One way to detect a pattern, is to list out the key developments. If nothing else, it's salutary reading, lest a company you own experiences the drip-drip-drip of collapsing ambition, rising costs, falling margins, resignations, dividend cuts, write-offs, profit warnings, refinancing and ultimately dramatic recovery, or insolvency.

  • 10 March 2005 Johnson Service closes at a high of 476p. The dry cleaning company is refocusing on business to business services and expecting faster growth and long-term contracts.
  • 13 March 2006 Results for year to 31 December 2005. Eight acquisitions in one year mark the height of Johnson's acquisition effort. Meanwhile sales are down at the dry cleaners.
  • 21 July 2006 The dry cleaning business up for auction, just two years after buying Sketchley from Timpson.
  • 13 September 2006 Interim results. Underlying debt is rising as the company rolls out the Enterprise Resource Planning system that will help managers run their many businesses. While it's winning new business, increased costs and delayed contract renewals reduce margins.
  • 20 November 2006 Profit warning. The implementation of the ERP system reveals that Stalbridge Linen is losing money, and delays in invoicing due to the new system mean its losing even more.
  • 20 November 2006 In the same announcement the company gives up on selling its dry cleaning division, for lack of decent officers and also on...
  • 20 November 2006, chief executive Stuart Graham resigns, saying:
  • ...I feel it now needs a different skill set to lead the Company into the future.

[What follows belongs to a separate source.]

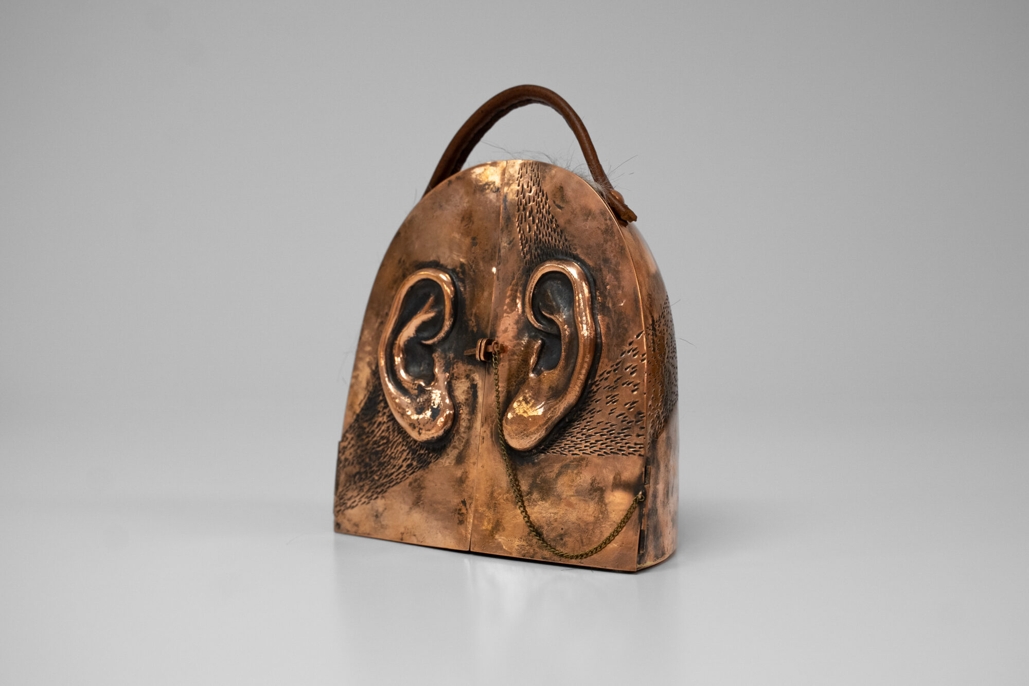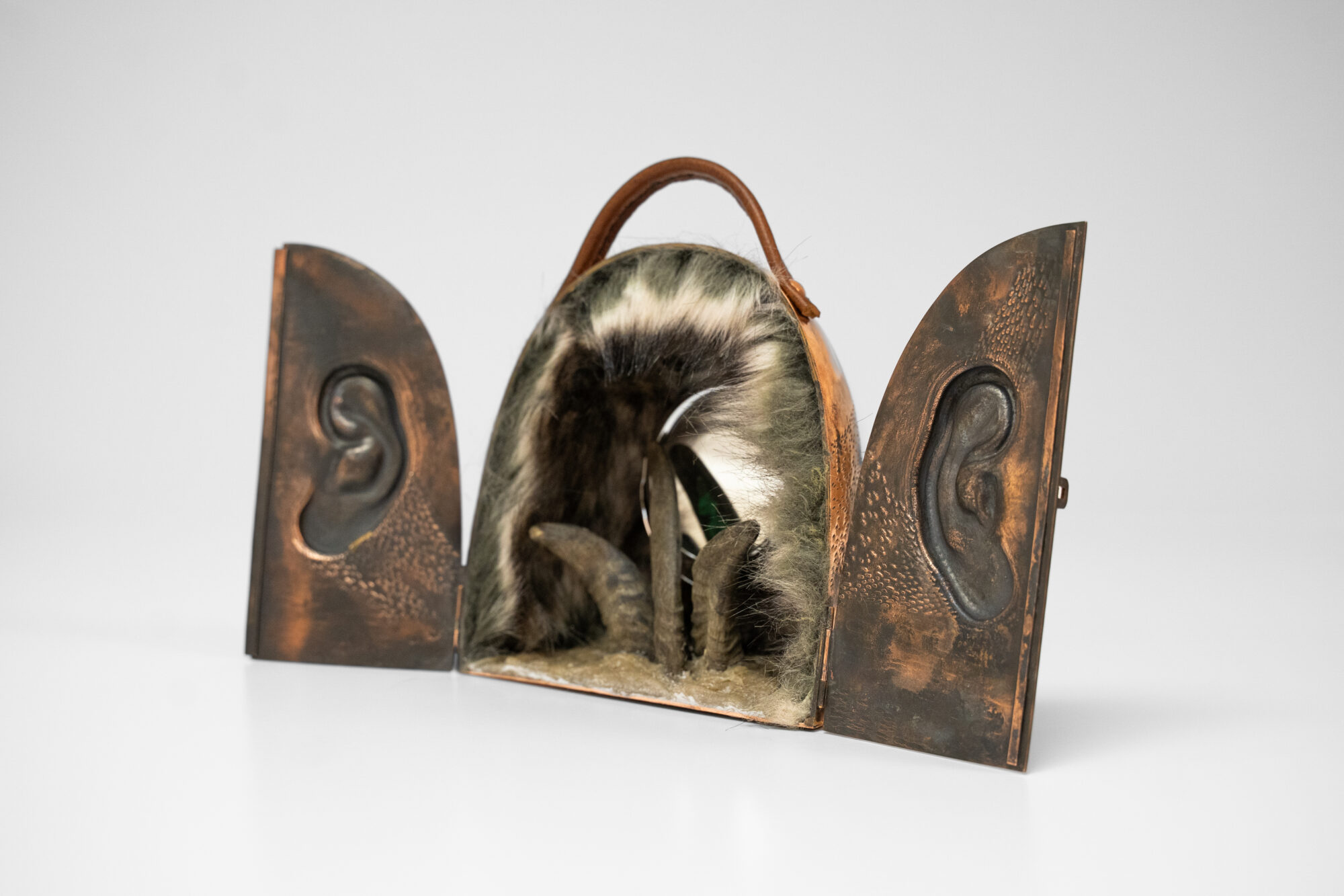Jantsankhorol Erdenebayar has created Channeling our human energy for the journey ahead, 2025, an object he describes as a “travel kit,” featuring a copper outer shell adorned with imagery of human ears and an interior outfitted with faux fur, a mirror, and goat horns. Erdenebayar’s practice spans sculpture, video and performance, drawing from Mongolian mythology and exploring themes of resistance, protection, and survival. For the Aldrich Box, Erdenebayar focused on the concept of nomadism—a foundation of Mongolian culture and ancestral traditions—symbolizing a profound connection to the natural world. By transforming the museum visitor into a traveler, Erdenebayar’s object has been reimagined as a “treasure purse,” shrine, or shamanistic tool. Equipped with a handle to suggest its portability, its reflective copper surface alludes to Mongolia’s significant copper industry. The goat horns inside evoke movement, strength, and protection, while the mirror serves not only as a tool for self-reflection, but also as a symbolic portal to the spirit realm.

  • 28 November 2006 David Toon, director of Rental and Corporatewear resigns.
  • 19 December 2006 Johnson sells Johnson Hospitality Services taking a loss of £10.2m
  • 23 March 2007 Results for year to 31 December 2006. Losses at Stalbridge Linen reduce overall profitability.
  • 16 April 2007 Charles Skinner joins as chief executive and starts a strategic review of the group.
  • 11 May 2007 Simon Moate, director of Facilities Management, resigns to join office2office (OFF).
  • 14 August 2007 Financial director Jim Wilkinson leaves, he's replaced by Yvonne Monaghan, a Johnson lifer.
  • 10 September 2007 Interim results. Board cuts interim dividend to 3p a share from 4.6p the previous year and reports on lower profits at Johnson Facilities Management and losses at 'non-core' Alex Reid, and Stalbridge Linen Services.
  • 8 November 2007 Unable to find buyers for its underperforming businesses, the company says it has started negotiating with its banks because it expects to breach its current agreement.
  • 30 November 2007 The company declares it will not pay its previously declared dividend. because of its funding problems.
  • 28 December 2007 Charles Skinner, the chief-executive who joined eight months earlier, is replaced by John Talbot a restructuring expert, because:
  • ...a different set of skills are required in the Company's current situation

  • 20 March 2008 Johnson Service closes at a low of 13.75p.
  • 11 April 2008 The board Proposes the sale of Johnson Clothing (later approved at an EGM) for about £82m. It's a sale at last, but Johnson Clothing is one of its most profitable divisions. The money will pay off some of its debt but, should shareholders vote against the sale, the company warns:
  • event of default under the new facilities [see next bullet] will be triggered

  • 11 April 2008 In the same document, the company announces it has negotiated a £140m debt facility. JSG will pay more interest if it hasn't sold Johnson Clothing by 31 May or if it has not raised £25m by 31 March 2009 in an equity issue. Until Johnson raises more cash from shareholders it cannot pay a dividend and the lenders can appoint an observer to Johnson's board.
  • 11 April 2008 Also in the same document Johnson announces it will to move from the main market to AIM, thereby saving money. Shareholders approved the move earlier this month.
  • 29 April 2008 Results for year to 31 December 2007. Massive write downs including £16.7m in restructuring costs and another £16.7m on the scrapped ERP system turn a reduced pre-tax profit of about £18m into a pre-tax loss of more than £50m.
  • 30 April 2008 Various directors including chairman, Simon Sherrard (chairman), John Talbot (interim chief executive) and Yvonne Monaghan (finance director) buy shares at a shade over 21p. Mr Talbot invests over £135,000.
  • 15 May 2008 Director, Kevin Elliott buys nearly £40,000 of Johnson Service shares at 30p.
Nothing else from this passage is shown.